06:44Então, o grande, quer dizer, saímos nós das sociedades
06:48vencedores dessa história por enquanto, né?
06:51Já que essa PEC não deve andar, ainda mais semana que vem,
06:55julgamento de Bolsonaro, acho que o povo recua.
06:59Mas eu acho que o perdedor, numa leitura política,
07:03é o presidente da Câmara, Hugo Mota.
07:05E, Vilela, a minha dúvida é a seguinte, será que o Congresso Nacional,
07:08os parlamentares, iriam fazer um texto medindo o que o Supremo
07:11pode bloquear ou não, vetar ou não vetar, arquivar ou não arquivar?
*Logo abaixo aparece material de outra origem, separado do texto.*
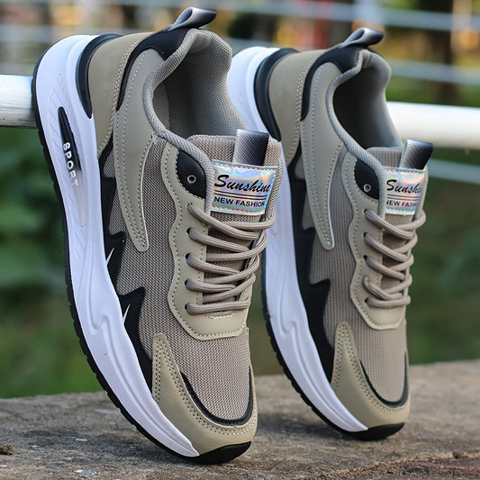 Men's Fashion Sports Sneakers, Breathable Mesh Fabric Upper, Comfortable Lace-Up Running Shoes with PVC Sole and Cloth Insole for All Seasons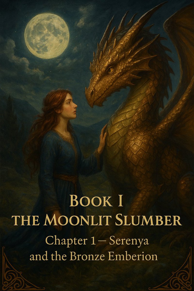 Volume I of the Silver Accord Saga Book I: The Moonlit Slumber Patreon Link: https://www.patreon.com/collection/1706510 Chapter 1 — Serenya and the Bronze Emberion To be told at first light, when frost leaves the grass reluctantly and kettles begin to sing. Serenya woke before the bell because songs prefer to arrive unannounced. She lay listening to the Vale’s old timber breathe—the rafters ticking, the clay stove sighing out its last heat, the narrow windows blanching with a moon-tired dawn. A thread of melody had followed her from sleep, catching on her ribs like a sleeve on a nail. She hummed it once, and the note hung in the air with the posture of a question. “Too early,” she whispered to the silence. But dawn has its own opinions. Beyond the threshing yards and the moss-greened troughs, the high cornices glowed, and the Skylorn Peaks stood with their shoulders under the light. The wind came down from the ledges smelling of stone, pine, and the iron-bright scent of snow arguing with spring. On mornings like this, the Vale remembered how to be simple: bread, salt, water, rope, names. Serenya swung her feet to the floor and bound her hair. She dressed in the work tunic of the Cantor’s House—undyed wool, patched at the elbow—and laced her boots double. The song still murmured within. She set it gently on her tongue and let it ride behind her teeth as she went, small enough not to frighten the day. In the yard, the practice post wore a crown of frost. She laid her palm upon it until her fingers smarted, then sang a single note into the grain. The frost beaded, listened, and melted as if persuaded. “Apprentice tricks,” she chided herself, though a thread of pleasure remained. A cart clattered past, driven by Kaelion from the forge, his shoulders broad, eyes already ash-bright. He lifted two fingers. “You’ll sing the weather tame next,” he called. “Leave a little wind for the bellows.” “I’ll sing you a steadier anvil,” she answered. “Yours walks about when you’re not looking.” They grinned. In the Vale, teasing was the glue between fear and courage. The Festival of Moons does not begin at dusk, as maps claim. It begins at breakfast with women hauling barrels of damp wheat to the ovens and men arguing about rope lengths in voices carefully louder than anxiety. It begins with children chalking stars on stones, with elders polishing the Accord Stone’s lip with cloth and spit, with Cantors testing the bell to see if it will answer. This morning, the bell gave a sound like a coin tapped by a nail. Satisfactory. Not the full-throated tone it had boasted in the days when Lyra herself was rumored to have walked the Vale (the elders never agreed if this was history or hope), but clean enough to tell the hour without unnecessary poetry. Serenya spent the first hours on errands—fetching oil for lanterns, lending pitch to the poles that would carry them, fetching water for the hands sticky with pitch. The melody persisted, a shy animal pacing just beyond the tree line of her mind. When Matron Evela of the Cantor’s House called for scales and posture drills, Serenya obeyed; when Evela demanded that feeling be kept from the throat until it learned its manners, Serenya tried. Feeling rarely keeps the hours it is given. “Today you will sing the naming measures for the hatchery,” Evela said at last, measuring Serenya with a look reserved for ropes and masts. “Clear vowels. No heroics.” “No heroics,” Serenya promised, though her heart argued for just one. The Hatchery occupied a shallow bowl of stone just below the cornice where, in those days, only one dragon had ever been known to leap and return. No one owned the eggs. They were found, as weather is found or courage—after a hard season, a prayer, a mistake. Sometimes the bowl lay empty for years. Sometimes a dozen shells glittered there like the knucklebones of stars. Today there were three. The first was the blue of deep water as remembered by an old man. The second, green like a pine needle held to the sun. The third seemed bronze at first glance, but when the wind shifted it showed a sheen not quite any metal the Vale used—a shimmer the eye could not name without borrowing words from the night. The Cantors stood on the outer ring. The children were kept two rings back, for sense rather than safety—eggs do not bite, but the first breath of a dragon can steal the breath of a crowd for longer than is comfortable. The Weyrwardens stood with coils of rope they would not need but would not be without. Kaelion and the other forge apprentices waited with surprisingly clean hands. Serenya took the center, face to the bowl, bells behind her, wind at her back. “Clear vowels,” she mouthed. “No heroics.” Then she lifted her hands to gather the air as a baker gathers flour. She sang the Measures: the notes that say we are listening and your name is welcome here. The Vale knows a thousand songs for rain, woodcutting, courtship, sleep. The Measures are not music precisely; they are permission shaped by breath. On the fourth line, the bronze egg shivered as if a fish had turned beneath its surface, and Serenya stepped half a pace closer without meaning to. The shell parted with a delicate precision, as if not to startle itself. A wet foreclaw pressed the edge, then the confessing length of a jaw, the scallops of a folded wing. He was not large—no larger than a hay-cart—but the space rearranged itself around him as though accommodating a principle rather than a creature. Bronze, yes, and something more: the color of hearth embers seen through closed eyelids. He sneezed. The sneeze sent sunlit droplets in an arc that hung for a scandalously long moment before gravity remembered its duty. Laughter broke like a small tide around the rings. Serenya did not laugh. Her throat had gone dry as a spent wick. “Name him,” whispered Evela, not unkindly, for even strict women understand when the grou

07:17Tem essa medida ou eles fazem qualquer tipo de coisa,
07:21qualquer tipo de debate, aí talvez o Supremo, provocado,
07:24derruba o que eles aprovaram, né?
07:26Pois é, Tiago.
07:27O Congresso Nacional, diante de uma situação como essa,
07:31onde vem a estabelecer um texto que traz ali uma série de prerrogativas,
07:37traz benefícios aos parlamentares, na contramão da legalidade,
07:41na contramão do que entende o judiciário,
07:44tem que fazer necessariamente esse tipo de medição.
07:47Não se pode exagerar na dose, porque o exagero vai levar fatalmente
07:52a uma negativa por parte do Supremo Tribunal Federal,
07:55até porque todos sabemos que esse texto seguramente será objeto
07:59de uma ação questionando a constitucionalidade por parte de algum partido político
08:05e que isso seguramente vai ser barrado no Supremo Tribunal Federal.
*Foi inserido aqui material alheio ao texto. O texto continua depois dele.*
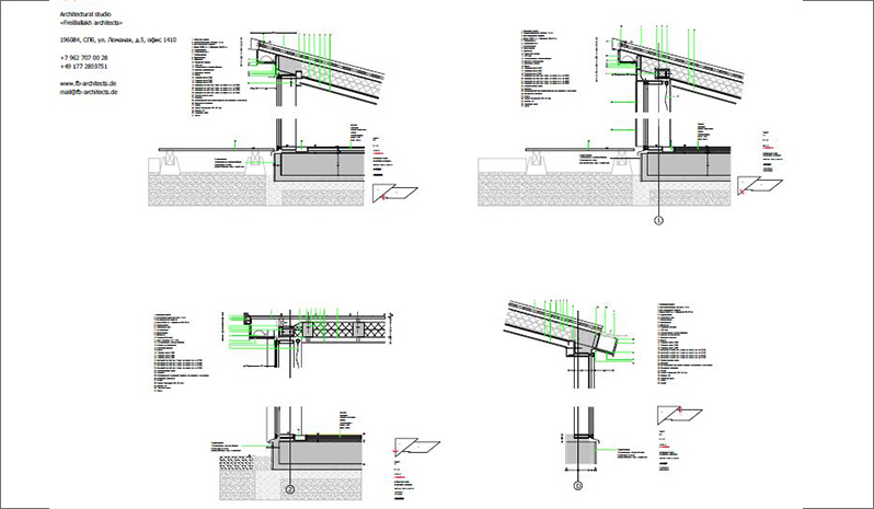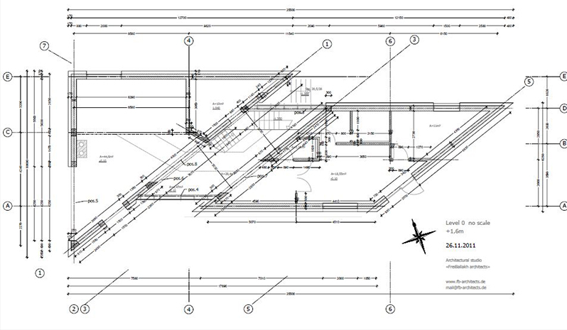 Совместными силами как с стороны планировщика, так и со стороны заказчика, эти сложности могли были быть преодолены. Планировку фундаментной плиты со сложной геометрией выполнила немецкая инженерная компания – фузи ингерниеур. Для всей планировки дома понадобилось более 200 архитектурных и конструктивных чертежей с масштабом до 1:1.

08:10A lógica, muitas vezes, dentro da Câmara, dentro do Congresso Nacional,
08:14é a de confronto, é a de tentar, muitas vezes,
08:18impor os seus interesses, as suas vontades,
08:20com o objetivo de forçar o judiciário e, na queda de braço que costumeiramente é tido,
08:26conseguir alguns avanços, conseguir na negociação,
08:29pelo menos, parte dos objetivos.
08:32Então, o que é importante a gente medir a partir de agora
08:35é qual será a estratégia utilizada.
08:37Talvez o presidente da Câmara devesse ser a pessoa mais ponderada
08:41para tomar uma estratégia que evite, ao máximo,
08:45o conflito com outro poder e que atenda, naturalmente,
08:48os interesses que vêm do Parlamento.
08:50Obrigado.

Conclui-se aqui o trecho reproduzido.